Volatile conditions – tensions rise in Asia
As the Sep/Oct issue of Shephard’s Digital Battlespace went to press, it was reported that North Korean leader Kim Jong Un was on the brink of firing missiles towards the US territory of Guam. That has not happened, yet, but it is another sign that the unhinged leader of North Korea continues to be a threat to the region and, as his missile and nuclear technologies advance, to countries outside the region.
This year has seen North Korea’s ballistic missile capability go from strength to strength and by July the country had carried out at least 14 firings of various domestic-built missiles.

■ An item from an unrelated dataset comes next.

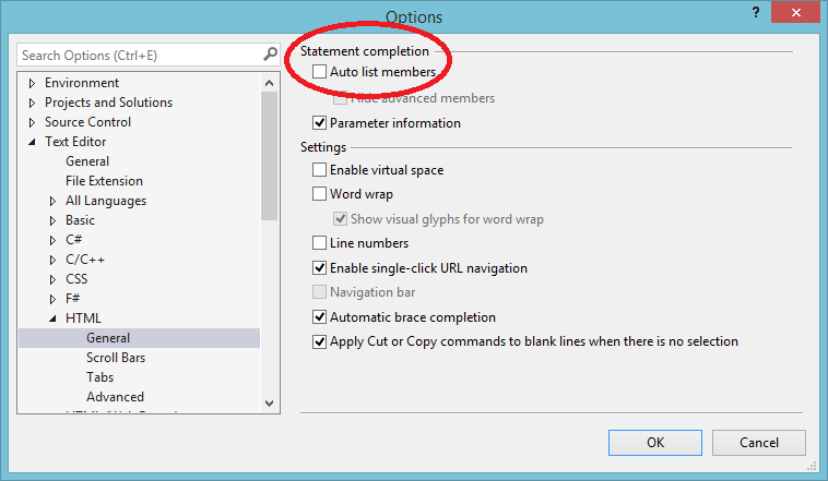 在“语句完成”部分中,您将看到“自动列表成员”复选框,取消选中它。
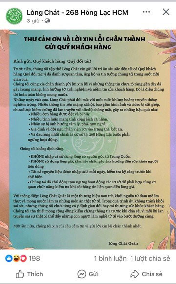Theo đó, ngày 23/5, fanpage chính thức “Lòng Chát - 268 Hồng Lạc HCM" đã đăng tải thư cảm ơn và xin lỗi khách hàng vì những thông tin chưa rõ ràng đã gây ra những hoang mang và ảnh hưởng tới trải nghiệm của khách hàng.

The 14th was possibly the most significant, with the firing of a intercontinental ballistic missile (ICBM) that could have hit the US west coast (which was instead was fired 2,300 miles into space).
Add to that already dangerous situation the development of a possible nuclear warhead for an ICBM and the situation becomes almost apocalyptic. If it’s any comfort, it is believed that North Korea still does not possess the capability to miniaturise a nuclear warhead or even the technology for the warhead to survive re-entry. Yet despite these limitations, and an international community grouping together to impose harsh sanctions, Pyongyang still manages to achieve successes.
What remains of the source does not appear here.